# [Exercise]
Pick out the lines below that contain the string "perfect" and copy them all.

# [Available data]
========================
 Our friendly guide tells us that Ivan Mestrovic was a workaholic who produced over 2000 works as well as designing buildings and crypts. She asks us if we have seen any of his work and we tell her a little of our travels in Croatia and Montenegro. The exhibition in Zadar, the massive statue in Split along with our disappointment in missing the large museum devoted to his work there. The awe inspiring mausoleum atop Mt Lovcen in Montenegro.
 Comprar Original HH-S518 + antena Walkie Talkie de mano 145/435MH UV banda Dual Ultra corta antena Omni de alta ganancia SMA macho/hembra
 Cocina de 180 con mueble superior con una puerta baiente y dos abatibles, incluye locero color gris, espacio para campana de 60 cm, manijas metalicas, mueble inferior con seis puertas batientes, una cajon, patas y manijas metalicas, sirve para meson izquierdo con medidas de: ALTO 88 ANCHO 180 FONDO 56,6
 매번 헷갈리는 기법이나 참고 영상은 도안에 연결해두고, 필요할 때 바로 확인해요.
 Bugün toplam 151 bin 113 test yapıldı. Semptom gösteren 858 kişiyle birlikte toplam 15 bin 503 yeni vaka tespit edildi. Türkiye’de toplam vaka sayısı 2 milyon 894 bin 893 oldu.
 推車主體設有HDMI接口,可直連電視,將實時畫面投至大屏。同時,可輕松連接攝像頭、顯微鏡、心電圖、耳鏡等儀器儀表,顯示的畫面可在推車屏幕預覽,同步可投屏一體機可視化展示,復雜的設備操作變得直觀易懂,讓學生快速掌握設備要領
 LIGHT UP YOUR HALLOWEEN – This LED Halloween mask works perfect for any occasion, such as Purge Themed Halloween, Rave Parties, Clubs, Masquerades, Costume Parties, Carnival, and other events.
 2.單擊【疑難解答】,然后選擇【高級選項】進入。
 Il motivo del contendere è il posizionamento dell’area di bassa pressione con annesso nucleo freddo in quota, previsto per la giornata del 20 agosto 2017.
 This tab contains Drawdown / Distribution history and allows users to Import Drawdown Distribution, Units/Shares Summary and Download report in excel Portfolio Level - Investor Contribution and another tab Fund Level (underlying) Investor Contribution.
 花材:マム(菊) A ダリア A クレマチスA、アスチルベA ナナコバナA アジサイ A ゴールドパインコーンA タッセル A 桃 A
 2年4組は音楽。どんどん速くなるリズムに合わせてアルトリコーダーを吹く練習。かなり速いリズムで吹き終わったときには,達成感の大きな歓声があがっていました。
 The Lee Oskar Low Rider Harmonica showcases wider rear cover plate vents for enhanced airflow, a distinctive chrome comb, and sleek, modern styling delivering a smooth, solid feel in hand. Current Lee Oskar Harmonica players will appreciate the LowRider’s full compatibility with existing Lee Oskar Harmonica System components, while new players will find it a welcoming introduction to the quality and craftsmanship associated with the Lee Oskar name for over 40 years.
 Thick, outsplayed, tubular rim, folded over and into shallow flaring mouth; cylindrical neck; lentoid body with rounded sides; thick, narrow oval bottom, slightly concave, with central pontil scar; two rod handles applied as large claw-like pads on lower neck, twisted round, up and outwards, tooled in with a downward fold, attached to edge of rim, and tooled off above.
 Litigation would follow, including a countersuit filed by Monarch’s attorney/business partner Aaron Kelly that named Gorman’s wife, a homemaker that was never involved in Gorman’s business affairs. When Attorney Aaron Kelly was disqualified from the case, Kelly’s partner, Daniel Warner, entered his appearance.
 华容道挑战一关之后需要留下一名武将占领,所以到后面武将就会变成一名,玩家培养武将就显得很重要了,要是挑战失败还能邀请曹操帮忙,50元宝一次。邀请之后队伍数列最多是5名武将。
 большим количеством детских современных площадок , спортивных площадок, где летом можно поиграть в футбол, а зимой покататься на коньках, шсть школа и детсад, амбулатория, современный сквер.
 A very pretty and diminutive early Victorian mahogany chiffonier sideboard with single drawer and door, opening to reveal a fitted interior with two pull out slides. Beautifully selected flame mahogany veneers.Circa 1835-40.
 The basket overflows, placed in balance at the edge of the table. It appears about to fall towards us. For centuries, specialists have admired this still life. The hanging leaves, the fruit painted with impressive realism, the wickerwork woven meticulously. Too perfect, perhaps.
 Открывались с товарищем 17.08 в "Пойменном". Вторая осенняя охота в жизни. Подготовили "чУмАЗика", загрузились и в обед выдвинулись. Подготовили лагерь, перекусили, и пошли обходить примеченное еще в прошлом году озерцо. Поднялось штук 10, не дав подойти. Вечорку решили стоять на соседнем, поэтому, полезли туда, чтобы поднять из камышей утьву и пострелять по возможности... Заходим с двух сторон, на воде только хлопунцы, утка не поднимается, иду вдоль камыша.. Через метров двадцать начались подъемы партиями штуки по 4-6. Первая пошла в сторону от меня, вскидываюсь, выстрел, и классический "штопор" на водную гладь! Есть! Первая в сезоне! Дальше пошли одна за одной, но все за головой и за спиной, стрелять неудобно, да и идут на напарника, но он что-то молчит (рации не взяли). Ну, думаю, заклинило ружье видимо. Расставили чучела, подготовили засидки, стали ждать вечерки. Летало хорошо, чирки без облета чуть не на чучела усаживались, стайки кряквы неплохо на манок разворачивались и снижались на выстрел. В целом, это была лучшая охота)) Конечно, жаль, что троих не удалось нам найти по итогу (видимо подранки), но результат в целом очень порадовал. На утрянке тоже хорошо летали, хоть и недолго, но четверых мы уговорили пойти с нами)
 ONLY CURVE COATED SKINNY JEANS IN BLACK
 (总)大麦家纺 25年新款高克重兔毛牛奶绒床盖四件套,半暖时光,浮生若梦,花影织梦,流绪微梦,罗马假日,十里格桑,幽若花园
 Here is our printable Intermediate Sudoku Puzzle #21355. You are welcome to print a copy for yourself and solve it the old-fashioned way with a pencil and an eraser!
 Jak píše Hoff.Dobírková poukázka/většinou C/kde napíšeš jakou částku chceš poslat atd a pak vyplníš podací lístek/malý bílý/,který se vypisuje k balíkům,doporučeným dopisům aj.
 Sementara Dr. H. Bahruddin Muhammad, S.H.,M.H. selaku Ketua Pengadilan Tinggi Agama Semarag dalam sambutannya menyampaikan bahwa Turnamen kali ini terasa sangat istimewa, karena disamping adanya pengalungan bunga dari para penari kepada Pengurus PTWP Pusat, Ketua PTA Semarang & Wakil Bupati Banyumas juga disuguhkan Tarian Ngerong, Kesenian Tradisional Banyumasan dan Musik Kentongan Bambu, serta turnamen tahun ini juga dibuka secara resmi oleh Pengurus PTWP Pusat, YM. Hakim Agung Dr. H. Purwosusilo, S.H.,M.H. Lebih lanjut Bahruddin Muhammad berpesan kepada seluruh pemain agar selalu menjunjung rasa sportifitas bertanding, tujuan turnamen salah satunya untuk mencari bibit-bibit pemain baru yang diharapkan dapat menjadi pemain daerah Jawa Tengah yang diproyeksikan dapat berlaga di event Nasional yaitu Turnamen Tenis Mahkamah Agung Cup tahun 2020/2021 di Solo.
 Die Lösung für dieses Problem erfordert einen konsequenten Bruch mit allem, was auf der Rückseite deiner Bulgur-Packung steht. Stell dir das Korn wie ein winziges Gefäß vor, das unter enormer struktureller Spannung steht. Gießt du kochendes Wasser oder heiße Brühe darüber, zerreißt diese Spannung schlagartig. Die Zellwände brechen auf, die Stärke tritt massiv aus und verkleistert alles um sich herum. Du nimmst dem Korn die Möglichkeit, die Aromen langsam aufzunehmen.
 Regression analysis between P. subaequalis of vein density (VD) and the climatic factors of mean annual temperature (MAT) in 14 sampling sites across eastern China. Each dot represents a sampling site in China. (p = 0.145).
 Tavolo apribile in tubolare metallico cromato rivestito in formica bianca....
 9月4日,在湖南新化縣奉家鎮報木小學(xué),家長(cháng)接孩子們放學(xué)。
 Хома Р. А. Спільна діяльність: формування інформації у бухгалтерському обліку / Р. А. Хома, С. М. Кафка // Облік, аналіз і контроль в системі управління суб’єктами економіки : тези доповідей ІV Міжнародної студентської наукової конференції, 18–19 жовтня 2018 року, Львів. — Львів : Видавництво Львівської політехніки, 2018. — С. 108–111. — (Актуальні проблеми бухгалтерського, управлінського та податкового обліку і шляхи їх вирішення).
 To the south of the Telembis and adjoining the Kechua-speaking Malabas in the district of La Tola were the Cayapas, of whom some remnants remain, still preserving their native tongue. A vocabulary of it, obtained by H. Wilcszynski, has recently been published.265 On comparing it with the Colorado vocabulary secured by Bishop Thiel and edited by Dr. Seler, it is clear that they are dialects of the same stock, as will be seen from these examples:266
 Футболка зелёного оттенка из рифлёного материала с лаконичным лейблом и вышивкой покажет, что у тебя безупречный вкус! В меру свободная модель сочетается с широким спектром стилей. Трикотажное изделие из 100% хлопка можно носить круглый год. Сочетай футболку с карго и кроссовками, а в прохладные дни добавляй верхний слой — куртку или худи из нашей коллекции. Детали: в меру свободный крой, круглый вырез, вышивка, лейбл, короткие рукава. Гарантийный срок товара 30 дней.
========================
# [Task answer]
 LIGHT UP YOUR HALLOWEEN – This LED Halloween mask works perfect for any occasion, such as Purge Themed Halloween, Rave Parties, Clubs, Masquerades, Costume Parties, Carnival, and other events.
 The basket overflows, placed in balance at the edge of the table. It appears about to fall towards us. For centuries, specialists have admired this still life. The hanging leaves, the fruit painted with impressive realism, the wickerwork woven meticulously. Too perfect, perhaps.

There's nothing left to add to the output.